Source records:
__________

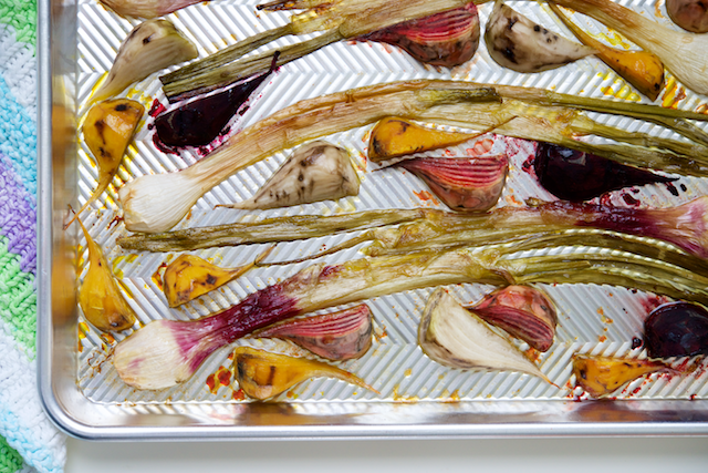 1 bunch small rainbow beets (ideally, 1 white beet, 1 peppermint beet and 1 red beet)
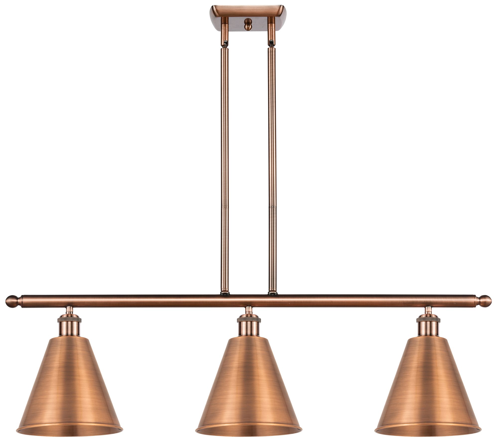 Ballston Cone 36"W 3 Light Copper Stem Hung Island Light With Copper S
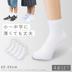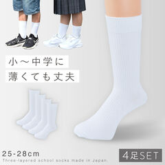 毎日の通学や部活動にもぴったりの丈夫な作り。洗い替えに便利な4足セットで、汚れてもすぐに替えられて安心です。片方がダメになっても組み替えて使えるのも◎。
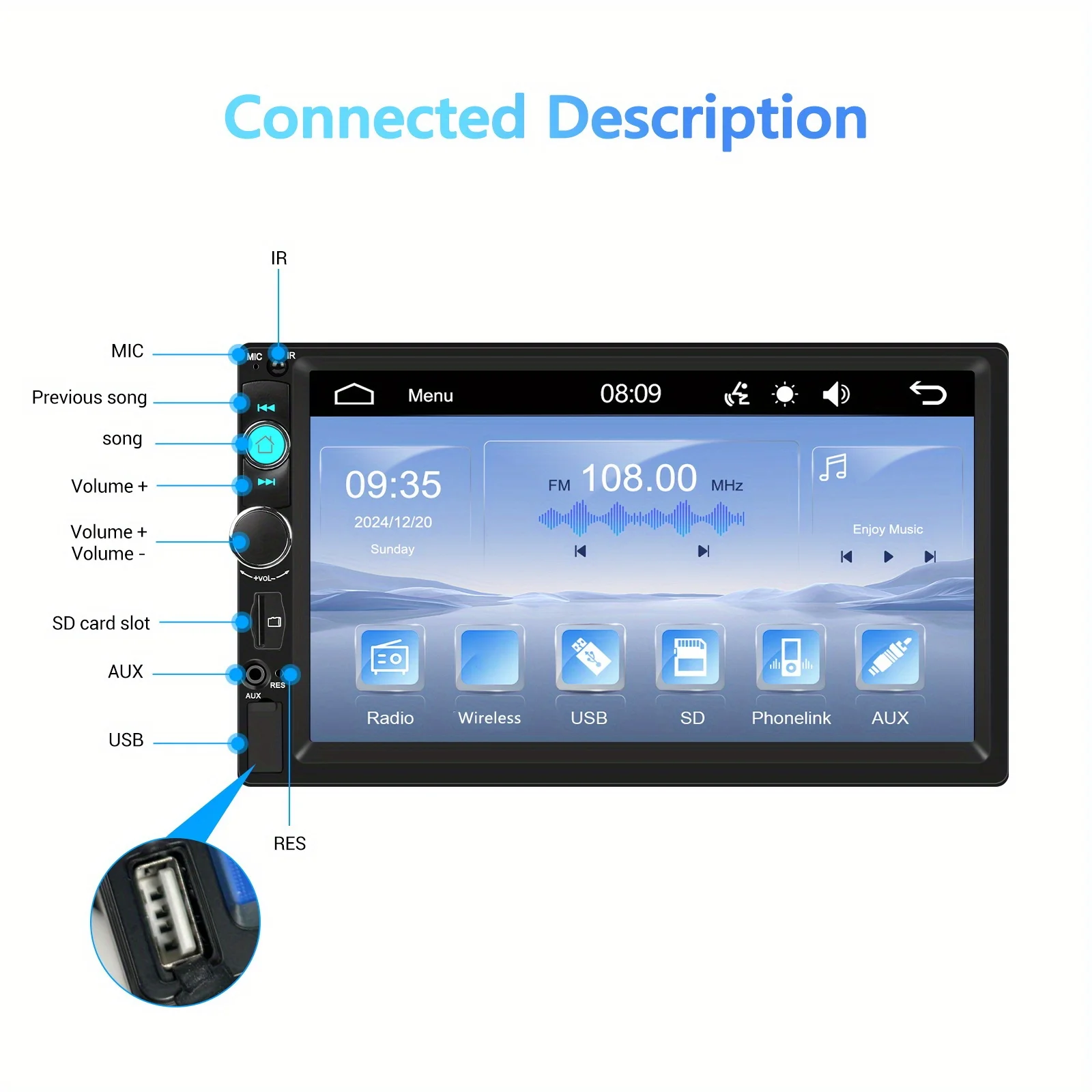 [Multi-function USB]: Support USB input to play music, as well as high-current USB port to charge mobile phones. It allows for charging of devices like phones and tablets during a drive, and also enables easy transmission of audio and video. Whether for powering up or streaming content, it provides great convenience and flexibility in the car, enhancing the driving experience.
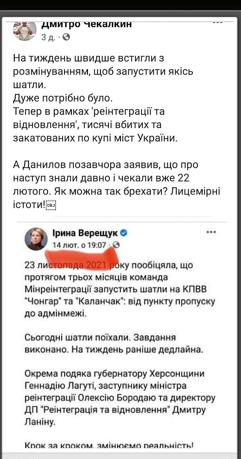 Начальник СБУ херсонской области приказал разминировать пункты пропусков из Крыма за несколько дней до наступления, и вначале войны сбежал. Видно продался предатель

__________

### Activity
Images are to be left out when the records above are written out again exactly.

### Answer below
 1 bunch small rainbow beets (ideally, 1 white beet, 1 peppermint beet and 1 red beet)
 Ballston Cone 36"W 3 Light Copper Stem Hung Island Light With Copper S
 毎日の通学や部活動にもぴったりの丈夫な作り。洗い替えに便利な4足セットで、汚れてもすぐに替えられて安心です。片方がダメになっても組み替えて使えるのも◎。
 [Multi-function USB]: Support USB input to play music, as well as high-current USB port to charge mobile phones. It allows for charging of devices like phones and tablets during a drive, and also enables easy transmission of audio and video. Whether for powering up or streaming content, it provides great convenience and flexibility in the car, enhancing the driving experience.
 Начальник СБУ херсонской области приказал разминировать пункты пропусков из Крыма за несколько дней до наступления, и вначале войны сбежал. Видно продался предатель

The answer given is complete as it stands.